From Haiti to Canada – Michaëlle Jean: A Viceroy from the Caribbean

mjThe world over, Canada enjoys a reputation as a country most welcoming to immigrants. Newcomers are not just welcomed with open arms; they are also cordially invited to actively participate in the life of the nation. Canadians thoroughly enjoy welcoming immigrants to their vast and often frozen land. Their warmth knows no equal.

Fully 20% of Canada’s population – or some 6.8 million new or aspiring Canadians – is foreign-born. That, however, does not keep them from claiming the highest offices in the land. It was thus that between 2005 and 2010, Haiti-born Michaëlle Jean served as Canada’s 27th governor general – the federal vice-regal representative serving at Her Majesty’s pleasure, the majesty in this case being the Canadian monarch Queen Elizabeth II residing in Buckingham Palace, London.

Michaëlle Jean was born in Port-au-Prince, Haiti in 1957 to a school teacher and his wife. In order to avoid her having to swear allegiance to then-dictator François Duvalier, as all Haitian school children at the time were expected to do, Michaëlle’s parents opted to home school their daughter. After Jean’s father was arrested and tortured by the dreaded Tonton Macoute secret police, the family decided to flee the country arriving in Canada in 1967 as political refugees.
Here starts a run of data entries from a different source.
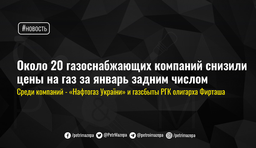 Ряд газоснабжающих компаний задним числом изменила цены для населения за использованный в январе газ. По законодательству компании обязаны сообщать цену на газ не позднее, чем за 5 дней до начала месяца. Но теперь около 20 компаний задним числом изменили цены от 7-10 грн/кубометр до принятой в конце января планки в 6,99 грн/кубометр.
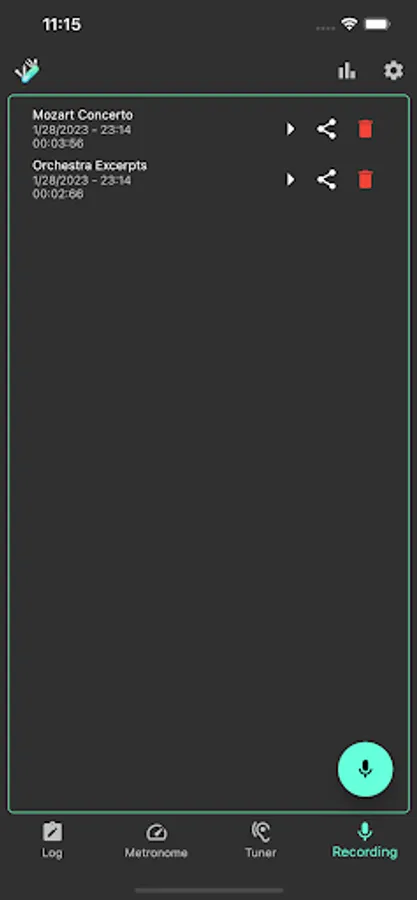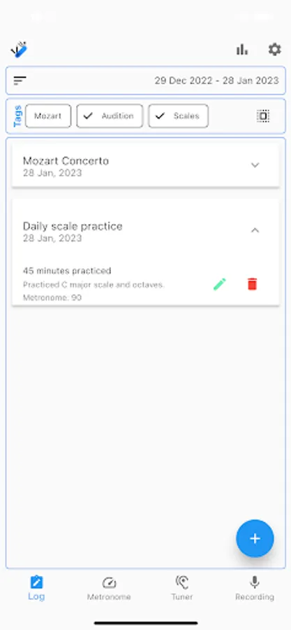 With the built-in Log feature, you can keep track of your practice sessions, set goals, and monitor your progress over time.
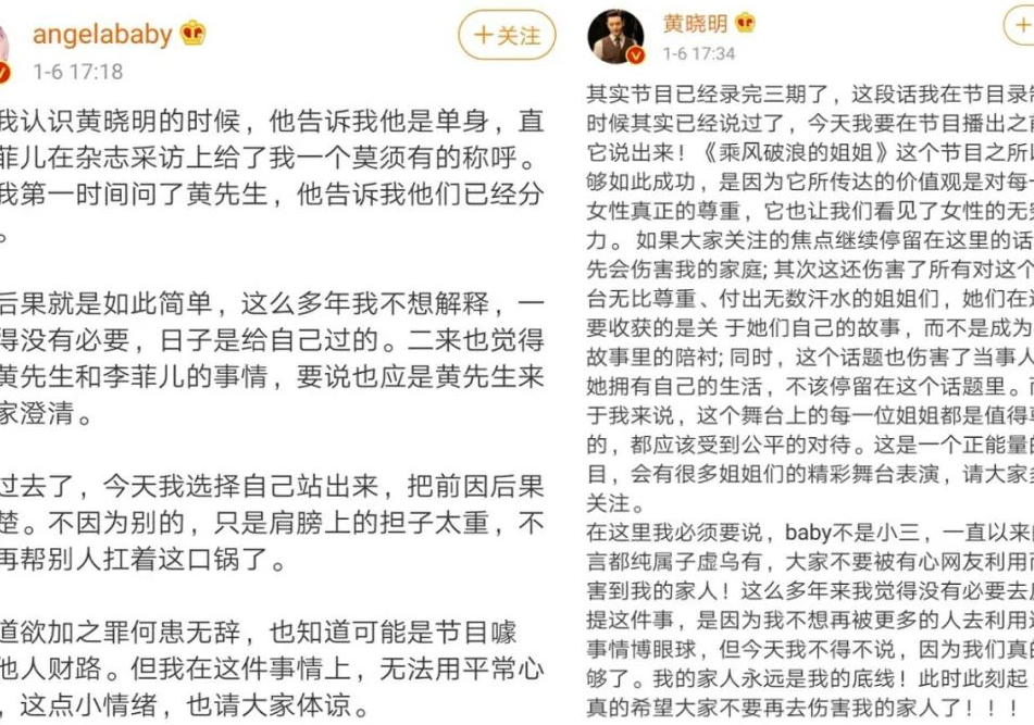 北京时间1月28日中午12点左右,黄晓明、angelababy同时发文,官宣离婚。

In her new country, Michaëlle Jean grew up to become a journalist, television presenter, and filmmaker. She made news as the first person of Caribbean descent to present a newscast on French-Canadian television. Before long, Michaëlle Jean had become a fixture on national TV and an accomplished filmmaker. Her 2004 documentary film Haiti in All Our Dreams received wide acclaim and a number of prestigious awards.
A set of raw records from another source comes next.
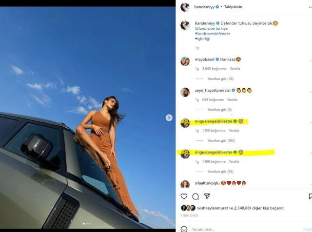 Hande Erçel’i hem takip eden hem de fotoğraflarına yorumlar yapan İspanyol oyuncunun abayı yaktığı iddia edildi.
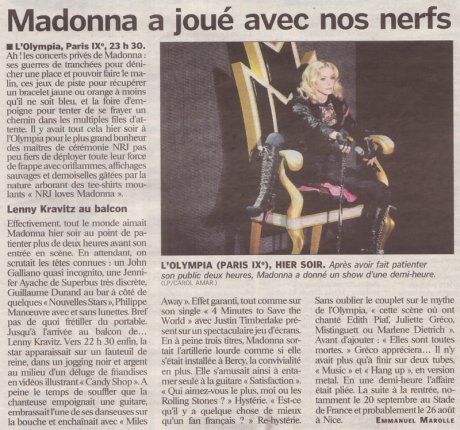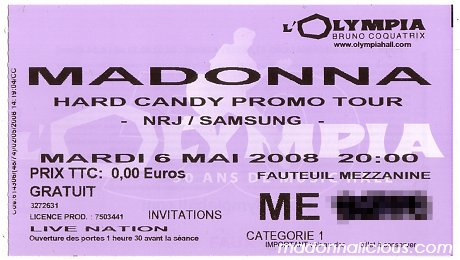 Para el mes de Mayo, Madonna se presentaría en Francia, en el mítico teatro «Olympia Paris» de la ciudad luz, (repetiría la fórmula cuatro años despúes para un show especial del «MDNA Tour» en 2012). Junto con los ganadores de la competencia de ICON y NRJ, se regalaron 500 boletos en la puerta el día del espectáculo. Antes del show, el personal de promoción de NRJ repartió piruletas y dulces a los cientos de fanáticos que esperaban impacientemente. Este show no fue filmado ni transmitido profesionalmente de manera que solo tenemos algunas imágenes tomadas por fans.
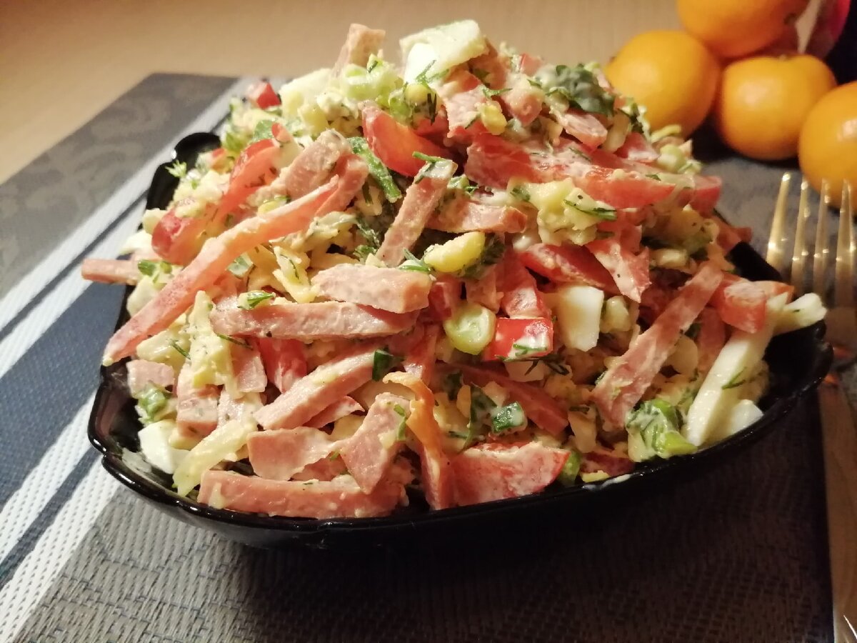 Доброго времени суток всем, кто зашел на наш канал. Сегодня будем готовить вкусный и простой салат. Рецепт достаточно бюджетный, да и готовится салат очень быстро. Продукты входящие в состав салата отлично гармонируют между собой.
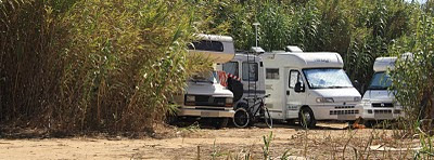Camuflados no meio de um denso canavial de folhas secas esvoaçando, encontravam-se várias autocaravanas estacionadas, numa atitude de manifesta imprudência e com indícios de estada prolongada, manifestada pelos “tapetes de cartão” de acondicionamento de frigoríficos que algumas exibiam a todo o comprimento lateral da porta da célula.
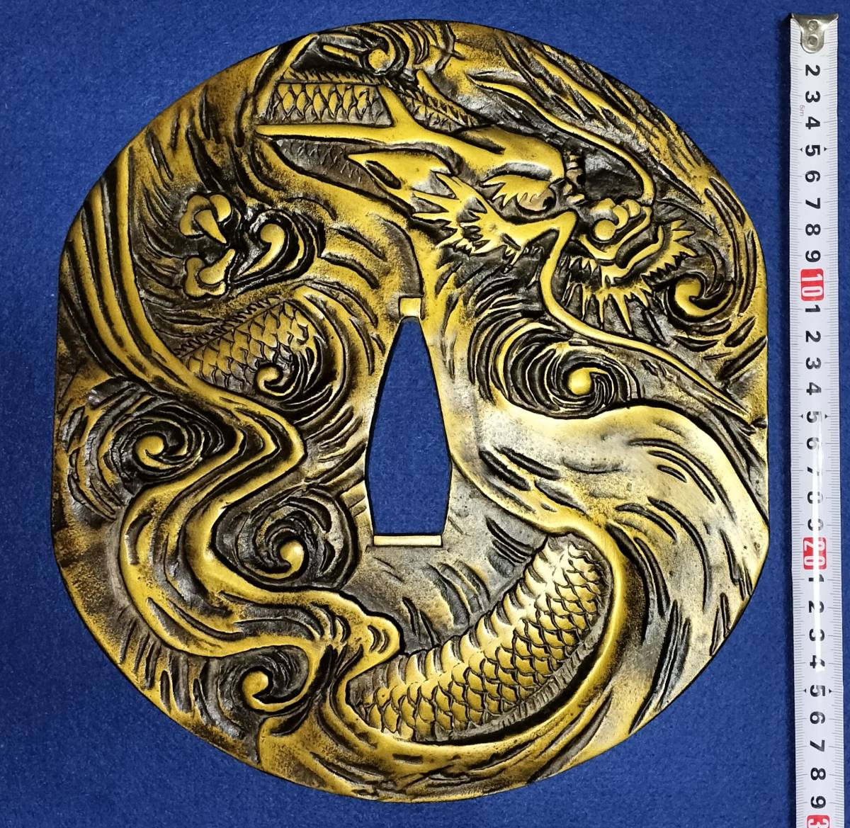 - 特大の鍔 龍 ドラゴン プレート 看板 お部屋のインテリに 玄関飾り 刀剣商看板 職方看板 日本刀 刀装具 アウトロー系撮影用等
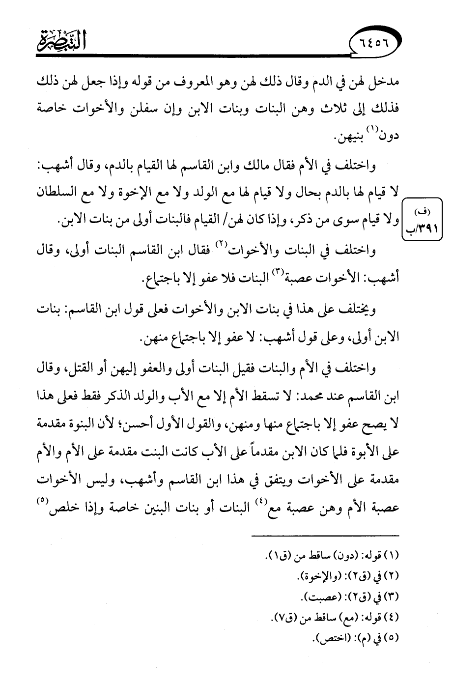 واختلف في الأم والبنات فقيل البنات أولى والعفو إليهن أو القتل، وقال ابن القاسم عند محمد: لا تسقط الأم إلا مع الأب والولد الذكر فقط فعلى هذا لا يصح عفو إلا باجتماع منها ومنهن، والقول الأول أحسن؛ لأن البنوة مقدمة على الأبوة فلما كان الابن مقدمًا على الأب كانت البنت مقدمة على الأم والأم مقدمة على الأخوات ويتفق في هذا ابن القاسم وأشهب، وليس الأخوات عصبة الأم وهن عصبة مع (¬4) البنات أو بنات البنين خاصة وإذا خلص (¬5)
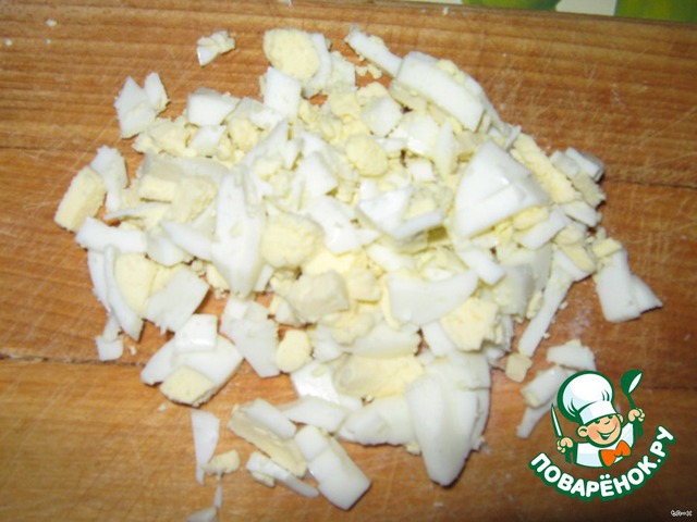 Все ингредиенты режем кубиками, сыр и чеснок трем.Для тех,кто хочет салат без остринки,чеснок можно не добавлять)))Салат заправляем майонезом.

In August 2005 it pleased the Queen, and most Canadians as well, to appoint Michaëlle Jean as governor general of Canada upon the recommendation of Prime-Minister Paul Martin who said of her: “She is a woman of talent and achievement. Her personal story is nothing short of extraordinary. And extraordinary is precisely what we seek in a governor general who, after all, must represent all of Canada to all Canadians and to the rest of the world as well.”

Michaëlle Jean was an instant hit with the public. She toured the country extensively and, more surprisingly, took a keen interest in her military duties as acting commander-in-chief of Canadian forces. She visited France for the 90th anniversary of the Battle of Vimy Ridge and insisted with the prime-minister on being allowed to visit the Canadian troops in Afghanistan brushing aside security concerns.

Michaëlle Jean stepped down after five years as tradition demanded, notwithstanding calls by both the public and politicians for an extension of her unofficial term. At the time of her departure from office, Michaëlle Jean enjoyed an approval rating of well over 60%. During her time as governor general, she showed by doing and being that all newcomers to Canada are free to dream and work towards the highest goals attainable.